Camille Pissarro came as the Prussians had invaded his home village of Louveciennes, turning his house into a stable, but he was fortunate in that his mother was already living in London and a move there meant he could marry Julie Vellay, mother of his children.
Julie had been the Pissarro family maid, and his mother would only sanction the marriage if it happened in London so nobody knew.
The pair were married in Croydon Register Office in 1871 and settled in south-east London where he painted a snowy Fox Hill, Upper Norwood, Sydenham Station and the newly-rebuilt Crystal Palace.
Tissot, too, was lucky on his arrival in London.
Camille Pissaro came to London after his home was invaded by Prussians
“In Paris he had already befriended the war reporter Thomas Gibson Bowles, who had become the editor of Vanity Fair magazine,” says Caroline.
“This meant Bowles was able to give Tissot an introduction into high society.”
Tissot entered a world far from that of the dead Communards, painting elegantly dressed ladies and society events such as his best-known work, The Ball On Shipboard.
He became popular with wealthy clients who paid him a fortune. He earned 94,000 francs in 1872, a sum only the upper classes were taking home.
Monet was not so lucky, says Caroline: “He had a very miserable time during his exile and in seven or eight months he only painted six works. He probably didn’t have the money for artists’ materials.”
The French artists who came to London found support in various ways.
Informally, their scene was centred around Soho, which became known as the “French ghetto”; their cafes and restaurants like the Café Royal and Maison Bertaux are still there today.
Formal support came from educators and dealers, who are vital to the Tate’s new exhibition.
A key figure was painter Alphonse Legros, professor of fine art at the Slade School in London.
“He had been in London for some time,” says Caroline, “and already had an artistic network that included the Pre-Raphaelites and patrons such as George Howard, ninth Earl of Carlisle, whom he introduced to sculptor Aimé-Charles Dalou.”
He was even commissioned by Queen Victoria to make a memorial sculpture to her grandchildren who had died in infancy for her private chapel in Windsor.
Art dealer Paul Durand-Ruel was also a key figure in London.
He moved there and opened a gallery in 1870, championing fellow exiles and purchasing 5,000 of their works himself, saving the artists from penury.
But they were not an easy sell to the London art scene, with Monet later reflecting: “England did not want any of our paintings. It was tough.”
Yet the French artists found inspiration in their London exile, painting wonderful landscapes, pictures that showed London’s lively social life and changing industries.
Pissaro’s Kew saw classes walking together in the park, something not seen in Paris
They keenly observed British social and cultural life, from Tissot’s paintings of the rich at leisure to ordinary people taking a walk in the park.
Pisarro’s Kew Green and Monet’s Hyde Park show all classes at leisure together and walking on the grass – something that would not have happened in the Paris of the time.

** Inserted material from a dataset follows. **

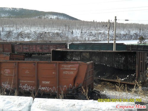 02 марта 2013 года в 15:02 (мск) на 6261 км перегона Маккавеево – Дарасун Читинского района Забайкальской железной дороги произошел сход 9 вагонов грузового поезда. Груз – уголь. Движение на участке приостановлено. Причина схода – излом боковой рамы тележки одного из вагонов. Для устранения последствий схода задействованы восстановительные поезда станций Чита, Оловянная, Шилка.

One of the show’s highlights is the presentation of six of Monet’s views of the Houses of Parliament, which he painted after he returned to France and had become very successful.

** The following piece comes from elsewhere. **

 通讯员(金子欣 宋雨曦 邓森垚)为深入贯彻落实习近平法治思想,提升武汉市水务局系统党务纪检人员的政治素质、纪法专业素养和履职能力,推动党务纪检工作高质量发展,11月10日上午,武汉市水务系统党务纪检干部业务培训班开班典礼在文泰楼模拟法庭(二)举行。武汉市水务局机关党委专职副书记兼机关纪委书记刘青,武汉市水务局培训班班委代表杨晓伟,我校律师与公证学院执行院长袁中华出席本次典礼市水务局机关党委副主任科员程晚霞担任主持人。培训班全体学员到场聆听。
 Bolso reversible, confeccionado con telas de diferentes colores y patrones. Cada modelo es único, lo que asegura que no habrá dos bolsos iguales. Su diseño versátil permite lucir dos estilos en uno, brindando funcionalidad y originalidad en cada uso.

He could afford to stay at the London Savoy this time.
Monet was another acclaimed artist who fled to London
These pictures were painted in the evening, from a viewpoint on a terrace at St Thomas’ Hospital overlooking the Thames.

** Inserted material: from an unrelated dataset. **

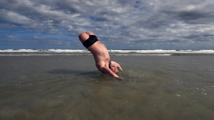 Sgt. Mykhailo “Misha” Varvarych, commander of Ukraine’s 80th Airborne Assault Brigade, delights in the ocean waters of Daytona Beach, Fla., on Jan. 28, 2023. For Varvarych, an amputee who received treatment and prosthetics in the United States, to live with joy and hope has become a weapon against war.

For all his lack of success when living in London, the Paris exhibition that Monet held of the 37 views he painted of the River Thames in 1904 was the most successful and profitable of his career so far.
He considered the Thames paintings to be some of his most important and technically challenging, showing the changing light and looming fog over the river.
“What I like most of all in London is the fog,” he wrote. “It is the fog that gives London its marvellous breadth. Its regular massive blocks become grandiose in this mysterious cloak.”